Advice? You're not going to like it, but perhaps the best thing you can do to enhance your finances is to move out of the Bay Area. The cost of living is ridiculously high here, most significantly the cost of housing. If you own a home, you probably can use your equity to buy a nicer one for much less in another part of the country. If you rent, you may be able to do so elsewhere at a fraction of the cost.
Let's just say that given my age, chosen place of residence and career and financial choices and realities, I'm at the losing end of the calculation described above. Frankly, if $100,000 is a mere pittance, I'm toast and so are most of the women I know. And I don't have children - retirement plus raising kids and saving for college?! I cannot even imagine.
Purely anecdotally - the only women I know that are even potentially in good shape to retire are either married to men (all engineers) with high-paying jobs or have inherited wealth. Of my circle of friends and family, I don't know any women who could retire on their earnings and savings alone no matter how well educated, high powered and well paid they are. So, I'm still looking for that member of congress with great health benefits and a fat pension to marry. But in the meantime I need a Plan B. ;-)
As a dear friend pointed out to me recently, once you hit 40 you are just as close to 60 as you are to 20. Tempting though it may be to ignore the future and re-live the glory days, once retirement is closer to your reality than your bar hopping days, ignorance can no longer be an option. And, sadly, once you can no longer ignore the reality, it is probably well past the point when you should have started paying attention.

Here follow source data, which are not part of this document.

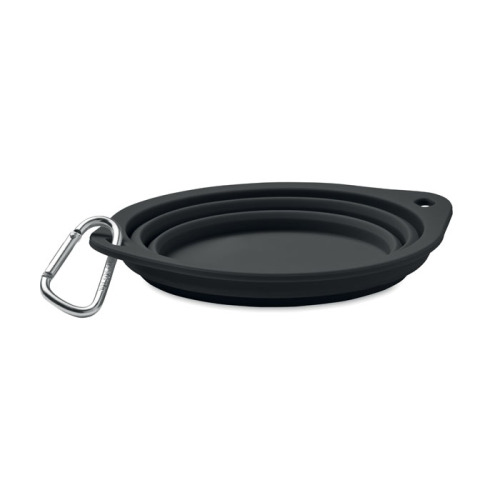 Składana, przenośna silikonowa miska na jedzenie lub picie dla zwierząt z karabińczykiem. Pojemność: 350 ml.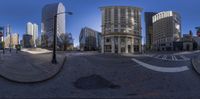 Urban landscape in Atlanta, Georgia. Classic and modern architecture create a unique city profile. Hard shadows on asphalt roads blend with storefronts and restaurants. A bustling city life under clear skies.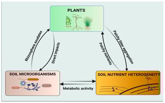 Schematic representation of the interactions between the plant, soil microorganisms, and soil nutrient heterogeneity. Both plants and soil microorganisms can acquire their nutrients from patchy microsites and alter soil properties by organic litter decomposition and metabolic activities, respectively. Soil microorganisms have diverse, direct effects on plants, e.g., mineralization of organic matter and homogenization of patchy nutrients. Plants interact with soil microorganisms through metabolites exuded by the roots, particularly in the rhizospheric zone.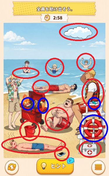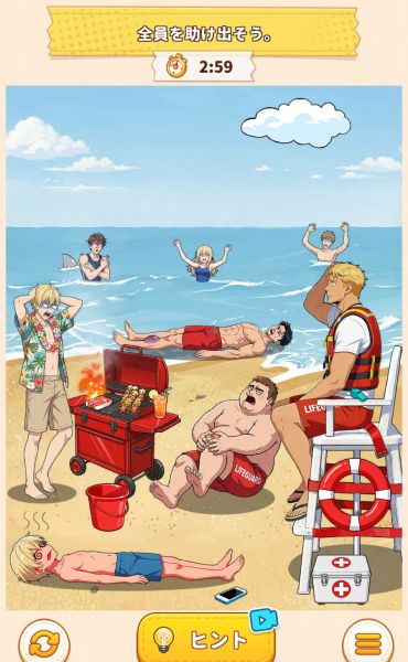 - 下に落ちているスマートフォンを右のライフガードに渡す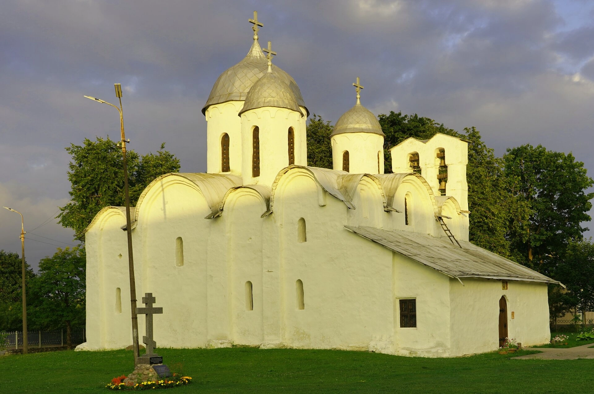 Собор, чьи точные координаты 57.82585800; 28.31814100, представляет собой выдающийся памятник псковской архитектурной школы XII века. Храм обладает характерными чертами: мощными стенами, щелевидными окнами, позакомарным покрытием и шлемовидными куполами, что придаёт ему строгий и величественный вид. На снимке хорошо просматривается трёхпролетная звонница, органично вписанная в структуру храма, что также является отличительной особенностью псковского зодчества.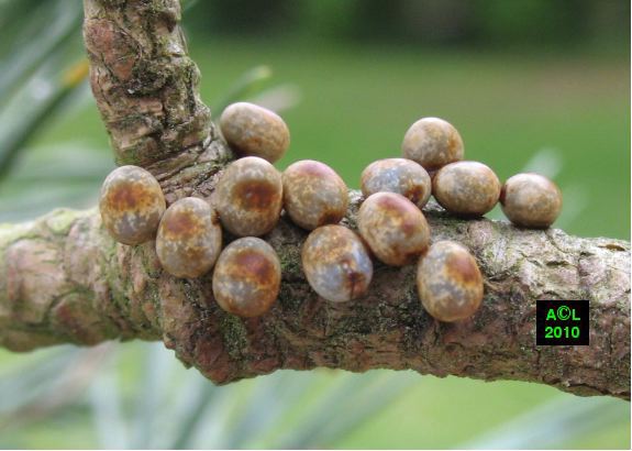 "aiguilles" du pin, ou encore sur les fines branchettes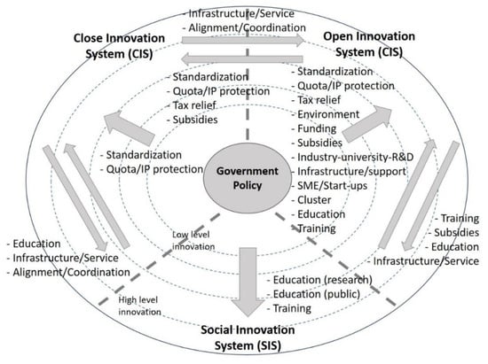 | Government Policy Instruments (S, D, E) with Detailed Content | Impact on Macro Innovation Systems (CIS, SIS, OIS) |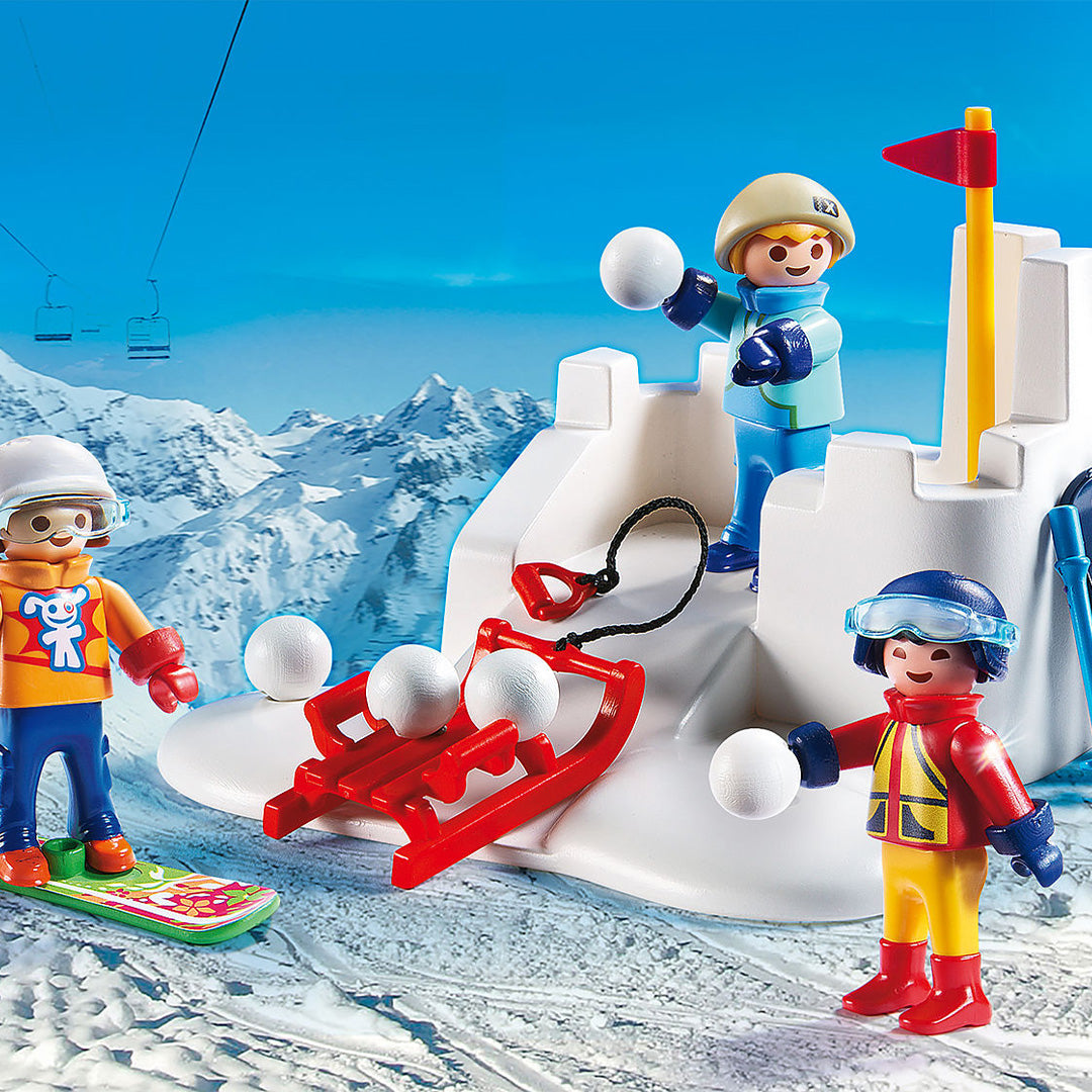 Accessories: 1 snow fort, 1 sledge, 1 pair of skis, 1 pair of ski poles, 1 snowboard, 1 flag pole, 2 helmets, 1 ski cap, 3 pairs of gloves, 2 goggles, 5 snowballs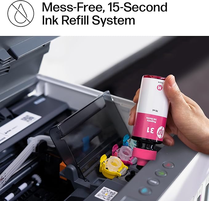 - MESS-FREE REFILL – Replenish ink with HP's easy-access, mess-free refill system. Simply plug the ink bottles into this cartridge-free ink tank and let them drain—no squeezing, no spilling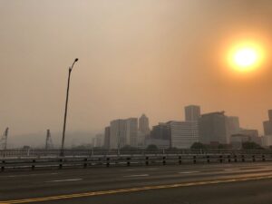 9月12日星期六,西雅图,波特兰,和旧金山各地小伙伴回报,当地的天空被“烟雾”覆盖,橙黄橙黄的一大片,遮住了天上的太阳,遮住了眼前的路,遮住了你和我,能见度很低!就算是戴着N95口罩坐在车内,也能闻到烧焦味!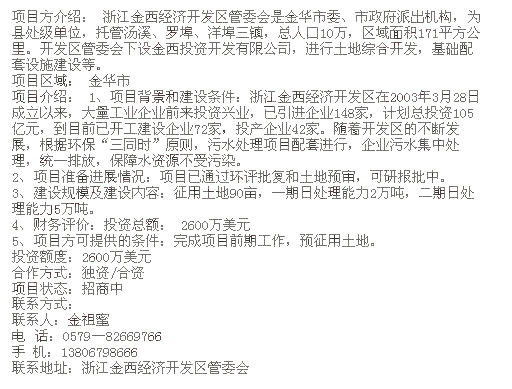 浙江金西開發(fā)區(qū)污水處理工程項目

So what is a gal who has no intention of leaving the Bay Area hometown she's finally made her way back to, nor any intention of trading in her hard won entrepreneurial independence for a cubicle ever again, to do? Well, for one, start investigating some of the resources available specifically for women to help with financial education.

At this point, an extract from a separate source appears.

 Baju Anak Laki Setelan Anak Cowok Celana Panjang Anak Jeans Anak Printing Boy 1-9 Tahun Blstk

If you are taking the first steps towards getting your finances under control, moneypants might be a worthwhile site to add to your research. Moneypants is designed to be "the easy way to budget, track your goals, see your progress, [and] reach your dreams." The site was started by
Three women, crazy different from each other.
Between us, we own and we rent, we have new cars and beat-up old ones, we have children and pets, good credit and not-so-good, some debt and a few assets, and lots and lots of dreams.
Membership in moneypants is $9.95 per month which gives you access to their community and their tools. It may seem odd to spend money to save money, but if for the cost of a couple of Starbuck's lattes you get the women-helping-women kick-in-the-butt that gets you on track to achieving your goals and realizing your dreams, then I'd say it's probably money well spent.
Another not free but worth it if it works for you resource is women & co. I offer women & co. with some caveats - it is a Citigroup company so be aware that it comes from a company that is likely to be *very* interested in selling you some of their financial products and the cost is $125 per year. That said, women & co. has been around for several years and is run by women to specifically address issues and concerns in financial planning for women. Some of the issues highlighted on their site include the greater likelihood of women outliving their retirement benefits and the much larger percentage of time women vs. men spend out of the workforce for to care for children or elderly parents. They offer a wide range of education and planning tools that can help make figuring all this stuff out a bit less intimidating and perhaps feel more manageable and doable.
My next order of personal financial education is to finally read Minding Her Own Business: The Self-Employed Woman's Essential Guide to Taxes and Financial Records by Jan Zobel. I've seen this book highly recommended by many a self employed person, most of them men who were able to get past the gender specific title!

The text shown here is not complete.